When information is stored in any structure, from galaxies to minds, two fundamental physical processes occur. First is a collapse of a quantum mechanical wave function. Second is a local decrease in the entropy corresponding to the increase in information. Entropy greater than that must be transferred away to satisfy the second law of thermodynamics.
If wave functions did not collapse, their evolution over time would be completely deterministic and information-preserving. Nothing new would emerge that was not implicitly present in the earlier states of the universe.
It is ironic that noise, in the form of quantum mechanical wave function collapses, should be the ultimate source of new information (low or negative entropy), the very opposite of noise (positive entropy).
Because quantum level processes introduce noise, information stored may have errors. When information is retrieved, it is again susceptible to noise, This may garble the information content.
Despite the continuous presence of noise around them and inside them, biological systems have maintained and increased their invariant information content over billions of generations. Humans increase our knowledge of the external world, despite logical, mathematical, and physical uncertainty. Biological and intellectual information handling balance random and orderly processes by means of sophisticated error detection and correction schemes. The scheme we use to correct human knowledge is science, a combination of freely invented theories and adequately determined experiments.
In Biology
Molecular biologists have assured neuroscientists for years that the molecular structures involved in neurons are too large to be affected significantly by quantum noise.
But neurobiologists know very well that there is noise in the nervous system in the form of spontaneous firings of an action potential spike, thought to be the result of random chemical changes at the synapses. This may or may not be quantum noise amplified to the macroscopic level.
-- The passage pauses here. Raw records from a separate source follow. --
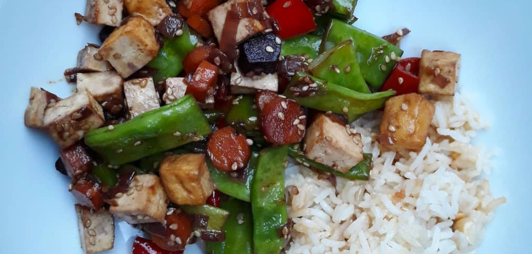 Aggiungete alla fine il tofu scolato e il sesamo e fate saltare a fiamma allegra.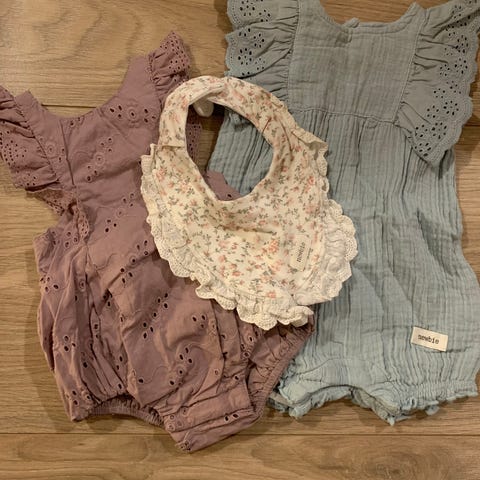 Newbie babyklær i størrelse 62 i rosa toner. Pakken inneholder flere plagg, blant annet bukser, romper og kjole, i myke materialer egnet for baby. Fargene går i lyse og dus rosa- og blomsterprint. Klærne passer til hverdagsbruk og kan kombineres som sett eller brukes hver for seg etter behov.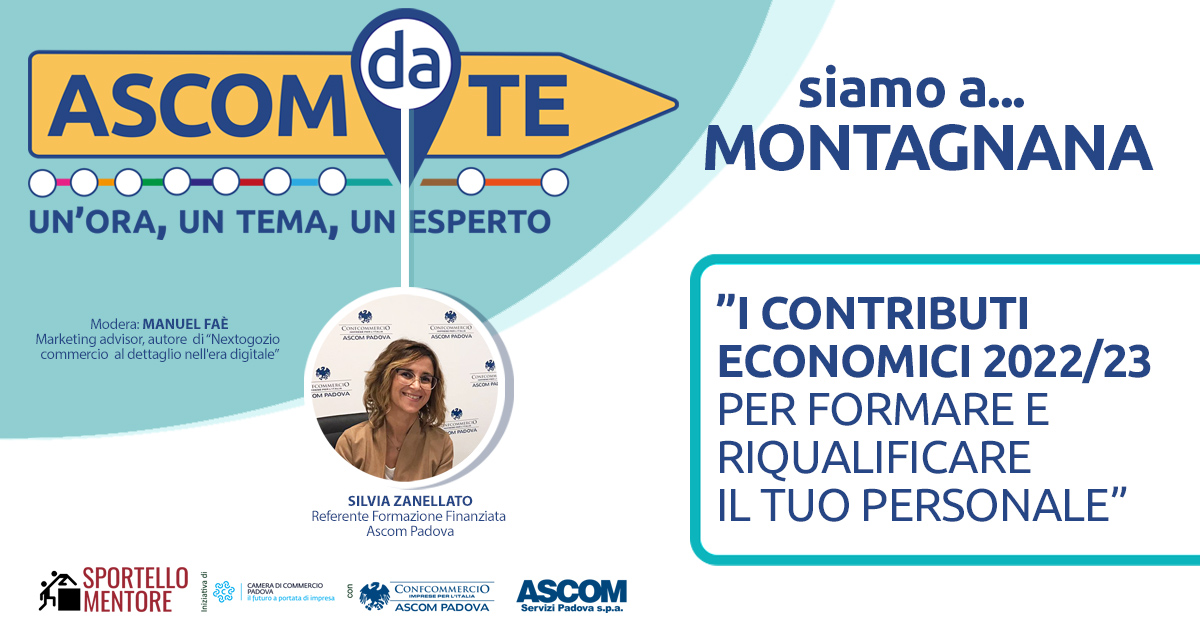 Si terrà domani, giovedì 27 ottobre alle 15.30 l’evento “Ascom Da Te” organizzato da Ascom Servizi Padova spa in collaborazione con la Camera di Commercio di Padova nell’ambito del progetto Mentore.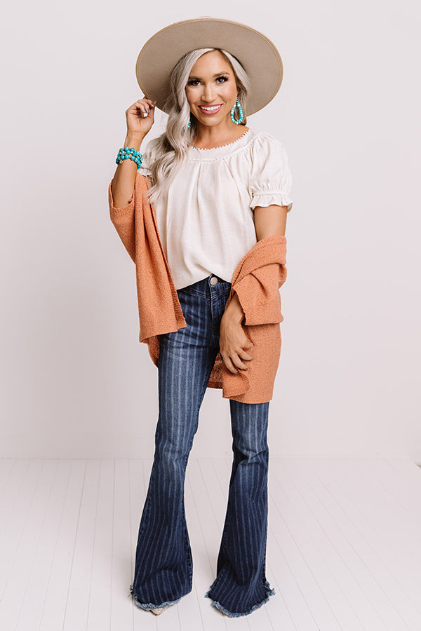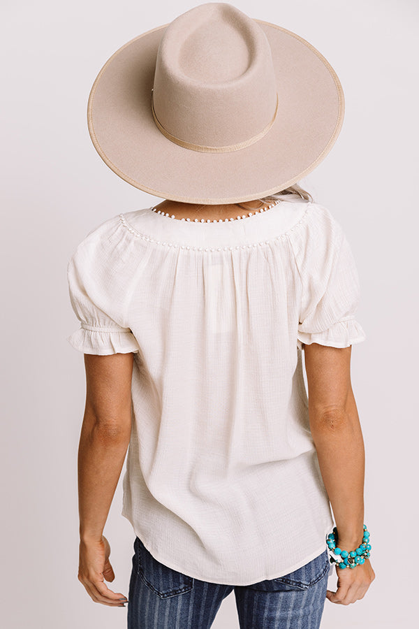 Remain classic in our charming stone colored "Soft Lie Shift Top" featuring lightweight material with linen like texturing, a rounded neckline with subtle beaded trim detailing, oversized pleats across the bodice, short puff sleeves with fitted elastic cuffs and ruffled trim, and a relaxed silhouette that falls into a rounded hemline! Measurements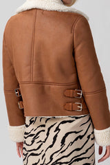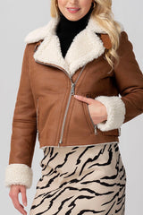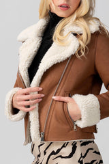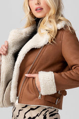 Sherpa Lined Sueded Moto Jacket in Camel - Last One Size L
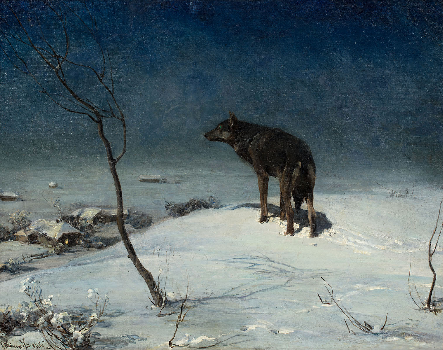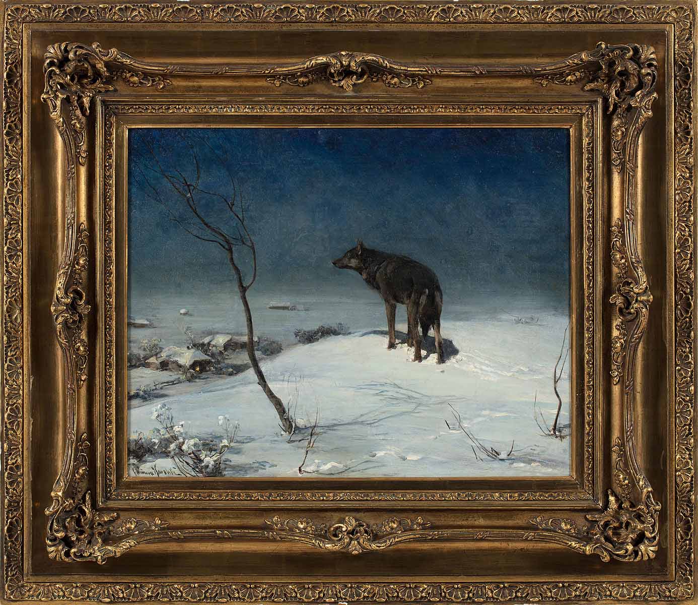 Jednym z najlepiej rozpoznawalnych motywów w twórczości Alfreda Wierusza-Kowalskiego są jego słynne sceny z wilkami – pełne napięcia, dramatyzmu i nastrojowego chłodu zimowych krajobrazów. Artysta sięgnął po ten temat już w latach 80. XIX wieku, w okresie rosnącej popularności i uznania, jakie zdobywał zarówno w Polsce, jak i za granicą. Dużą rolę w upowszechnieniu jego malarstwa odegrała współpraca z ilustrowanymi czasopismami, takimi jak „Kłosy”, „Tygodnik Ilustrowany”, „Tygodnik Powszechny” czy „Biesiada Literacka”. To właśnie na łamach „Kłosów” w styczniu 1880 roku po raz pierwszy opublikowano drzeworytniczą reprodukcję obrazu „Napad wilków” – kompozycji, która zapoczątkowała całą serię przedstawień z tym motywem i ugruntowała reputację artysty jako „malarza wilków”. Wierusz-Kowalski malował zarówno dramatyczne sceny ataków wilków na podróżnych, jak i liryczne, pełne melancholii nokturny z samotnym zwierzęciem przemierzającym zimowy krajobraz. Motyw ten miał dla artysty wymiar osobisty – jego źródłem była dziecięca trauma. W wieku ośmiu lat, podczas podróży z rodziną, młody Wierusz-Kowalski doświadczył ataku wilków. Wydarzenie to głęboko zapisało się w jego pamięci i powracało w jego sztuce niczym próba oswojenia lęku. Artysta z niezwykłą dokładnością studiował anatomię i ruch zwierząt – zarówno w naturze, jak i z modeli. W rodzinnym majątku w Mikorzynie hodował sześć żywych wilków, a w swojej monachijskiej pracowni miał dwa wypchane egzemplarze, ustawione w dynamicznych pozach. Barbara Nasierowska, wnuczka artysty, wspominała, że w Mikorzynie „wybudowano specjalne pomieszczenie i wybiegi dla wilków. Wilków było sześć, w tym dwa, które otrzymał w prezencie od cesarza Wilhelma” (E. Ptaszyńska, Alfred Wierusz-Kowalski, Warszawa 2011, s. 134–135). Prezentowany obraz ukazuje nocny pejzaż z samotnym wilkiem, stojącym na ośnieżonym wzniesieniu, poniżej którego rozciągają się zabudowania wiejskie. Scena utrzymana jest w chłodnej tonacji bieli, błękitów i szarości, a jej cisza i napięcie oddają mistrzowską zdolność Wierusza do budowania atmosfery – jednocześnie realistycznej i symbolicznej. W takich kompozycjach szczególnie wyraźnie ujawnia się jego credo malarskie: „Od natury bierz wszystko na każdy raz. Postrzegaj i notuj każdy ruch, każdy kształt, choćby moment trwający…” (J. Puciata-Pawłowska, Dzieje Miejskiej Szkoły Sztuk Zdobniczych i Malarstwa w Warszawie, 1939–1940, s. 31). Tematy z wilkami należą dziś do najbardziej rozpoznawalnych i poszukiwanych w dorobku artysty. Ich popularność sięga czasów współczesnych Wieruszowi – obrazy te zdobywały wyróżnienia na europejskich wystawach, m.in. srebrny medal w Paryżu w 1910 roku za dzieło „Wilki w nocy”, a jego „Melancholik” został zakupiony do zbiorów Nowej Pinakoteki w Monachium. Te przejmujące nokturny, łączące dramat natury z refleksją nad ludzką samotnością, do dziś pozostają symbolem jego niepowtarzalnego stylu i emocjonalnej głębi.

But there is no problem imagining a role for randomness in the brain in the form of quantum level noise that affects the communication of knowledge. Noise can introduce random errors into stored memories. Noise can create random associations of ideas during memory recall.
Molecular biologists know that while most biological structures are remarkably stable, and thus adequately determined, quantum effects drive the mutations that provide variation in the gene pool. So our question is how the typical structures of the brain have evolved to deal with microscopic, atomic level, noise - both thermal and quantal noise. Can they ignore it because they are adequately determined large objects, or might they have remained sensitive to the noise for some reason?
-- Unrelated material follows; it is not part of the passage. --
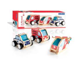 Guidecraft has supplied wooden toys including dump trucks, fire truck, police car, helicopter, and fairytale castle blocks.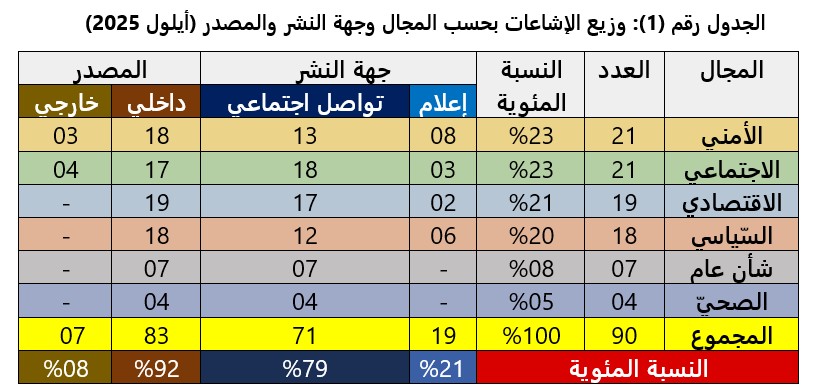 تشاركت الإشاعات الأمنية والاجتماعية المرتبة الأولى في شهر أيلول، حيث سجّل كل منهما 21 إشاعة بنسبة بلغت 23 بالمئة.

We can expect that if quantum noise, or even ordinary thermal noise, offered beneficial advantages, there would have been evolutionary pressure to take advantage of noise.
Proof that our sensory organs have evolved until they are working at or near quantum limits is evidenced by the eye's ability to detect a single photon (a quantum of light energy), and the nose's ability to smell a single molecule.
Biology provides many examples of ergodic creative processes following a trial and error model. They harness chance as a possibility generator, followed by an adequately determined selection mechanism with implicit information-value criteria.
Darwinian evolution is the first and greatest example of a two-stage creative process, random variation followed by critical selection, but we will consider briefly two other such processes. Both are analogous to our two-stage Cogito model for the mind. One is at the heart of the immune system, the other provides quality control in protein/enzyme factories.
Noise in the Cogito model
The insoluble problem for previous two-stage models has been to explain how a random event in the brain can be timed and located - perfectly synchronized! - so as to be relevant to a specific decision. The answer is it cannot be, for the simple reason that quantum events are totally unpredictable.
The Cogito solution is not single random events, one per decision, but many random events in the brain as a result of ever-present noise, both quantum and thermal noise, that is inherent in any information storage and communication system.
The mind, like all biological systems, has evolved in the presence of constant noise and is able to ignore that noise, unless the noise provides a significant competitive advantage, which it clearly does as the basis for freedom and creativity.
The only reasonable model for an indeterministic contribution is ever-present noise throughout the neural circuitry. We call it the Micro Mind.
Quantum (and even some thermal) noise in the neurons is all we need to supply random unpredictable alternative possibilities.
And indeterminism is NOT involved in the de-liberating Will.
The major difference between Micro and Macro is how they process noise in the brain circuits. The first accepts it, the second suppresses it.
Our "adequately determined" Macro Mind can overcome the noise whenever it needs to make a determination on thought or action.
White Noise and Pink Noise.
Noise (specifically audio noise) is described as having a color when the amount of power (energy) in different frequencies is not uniform. By analogy with the amount of energy in different light frequencies (or wavelengths), when the energy is larger than average in longer wavelengths (the red part of the visual spectrum), then the noise is called "pink," although there is nothing visual.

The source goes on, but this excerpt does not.